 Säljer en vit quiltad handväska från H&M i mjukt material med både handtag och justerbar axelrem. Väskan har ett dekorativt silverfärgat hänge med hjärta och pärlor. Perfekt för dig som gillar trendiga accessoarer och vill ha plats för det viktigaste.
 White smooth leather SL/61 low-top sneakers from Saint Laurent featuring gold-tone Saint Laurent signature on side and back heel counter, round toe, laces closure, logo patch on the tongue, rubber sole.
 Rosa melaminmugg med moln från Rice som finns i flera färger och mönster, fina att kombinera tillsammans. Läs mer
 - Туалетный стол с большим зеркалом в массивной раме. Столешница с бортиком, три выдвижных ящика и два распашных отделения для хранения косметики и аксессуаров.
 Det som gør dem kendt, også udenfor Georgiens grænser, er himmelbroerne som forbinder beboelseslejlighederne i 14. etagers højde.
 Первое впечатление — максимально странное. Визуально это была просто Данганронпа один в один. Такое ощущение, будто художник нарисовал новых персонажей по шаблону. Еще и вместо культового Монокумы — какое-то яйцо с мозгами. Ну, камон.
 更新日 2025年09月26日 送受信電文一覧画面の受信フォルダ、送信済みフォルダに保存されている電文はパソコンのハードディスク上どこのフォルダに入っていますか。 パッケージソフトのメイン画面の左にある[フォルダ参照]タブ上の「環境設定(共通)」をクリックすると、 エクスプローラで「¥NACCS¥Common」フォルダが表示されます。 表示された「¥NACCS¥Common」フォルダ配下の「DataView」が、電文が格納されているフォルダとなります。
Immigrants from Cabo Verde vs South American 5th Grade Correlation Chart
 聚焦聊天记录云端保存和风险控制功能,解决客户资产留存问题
--------------------------------------------------
## Work task
Display every line of the listing that contains the string "from".

## Exercise solution
 White smooth leather SL/61 low-top sneakers from Saint Laurent featuring gold-tone Saint Laurent signature on side and back heel counter, round toe, laces closure, logo patch on the tongue, rubber sole.
Immigrants from Cabo Verde vs South American 5th Grade Correlation Chart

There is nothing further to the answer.